Historically, Sponer’s story has tended to get lost in the deep shadow of her contemporary Lise Meitner, whose tale features many of the same contours as that of Sponer, but with both the triumphs and tragedies amplified.  We have decided which woman physicist victimized by the Nazi era and the systemic gender discrimiantion of early 20th century Germany we have chosen to remember, and it’s Meitner, thank you very much.  And that’s rather too bad, because not only did Hertha Sponer do some gorgeous physics over the course of four personally challenging decades, but her story also highlights the rapid social change occurring in the Western world in the early 20th century, and how a professional and highly educated woman was able to successfully navigate that evolving culturescape.

Hertha Dorothea Elisabeth Sponer was born, the eldest of five children, on September 1, 1895, in the small east German (currently Polish) town of Neisse.  Her family was of a Protestant background that highly valued education, and in her elementary school Sponer was exposed to an impressively broad array of subjects, including French, German, geography, natural science, writing, singing, arithmetic, religion, gymnastics, and needlework.  Somewhere around the year 1906, her family moved to the town of Zittau, which still remains, if just barely, within the borders of Germany.

It was, for Sponer, an unfortunate move.  The school in Zittau was not as advanced as Neisse’s, and Sponer believed that, between the slow pace and unchallenging material, she would never learn enough at Zittau to be able to take the Abitur, the competitive exam for the German university system, where her ambitions lay.  As such, she downgraded her expectations for a life of scientific research to that of a workaday private teacher, and attended a governess training school, which she graduated from in 1913.

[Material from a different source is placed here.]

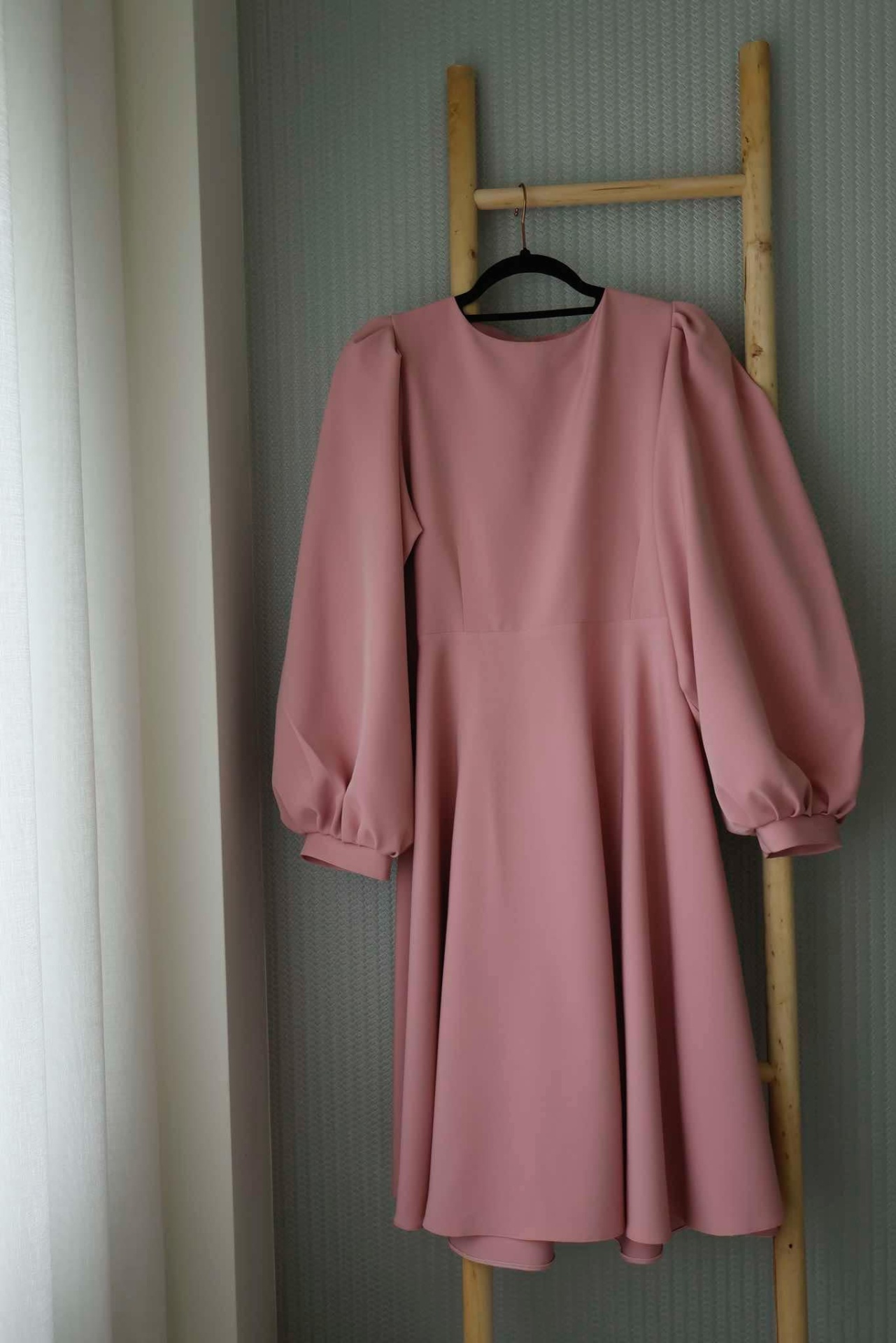 Um vestido elegante que se destaca pelo corte sofisticado e pela delicadeza dos detalhes.Com um design minimalista, ele valoriza a silhueta sem perder o conforto. As mangas volumosas adicionam um toque de sofisticação e modernidade, enquanto o tecido fluido confere leveza ao movimento.

She worked as a governess for two years, and in the middle of World War I took up a substitute teaching appointment.  If you’ve ever acted as a substitute teacher, you won’t be surprised by the fact that she did not remain long in that generally thankless profession and, in 1916, she made the decision to make up for lost time and attend a cram school for the Abitur.  She worked hard, mastered the two year condensed curriculum in one year, and took the exam in March of 1917, excelling in its physics portion, and becoming one of only 570 women that year to pass.  Her parents had expected, after the Abitur, that she would take up a position as a teacher at a girls’ secondary school, but after having read in a newspaper story about Sponer’s performance how remarkable it was to have passed the exam with so few years of preparation, they wrote to her proudly giving their full permission for her to undertake whatever university studies she liked.

Sponer began her university career at Tübingen University in May of 1917, but was quickly frustrated by the lack of theoretical physics courses on offer, or indeed any physics beyond an experimental methods course, and a lab section.  Within a year, she was preparing to transfer, and by April of 1918 she was settling in at the University of Göttingen.  Here, she came to the notice of Peter Debye, a future Nobel Prize winner, when she complained to one of his teaching assistants about the low difficulty level of the labs he had assigned, and the poor quality of the equipment allotted for the students’ use.  She was told to go to Debye’s office and present her criticisms in person which, amazingly, she did, and even more amazingly, which Debye responded positively to, setting her on a path of independent research which culminated in her writing her dissertation with him.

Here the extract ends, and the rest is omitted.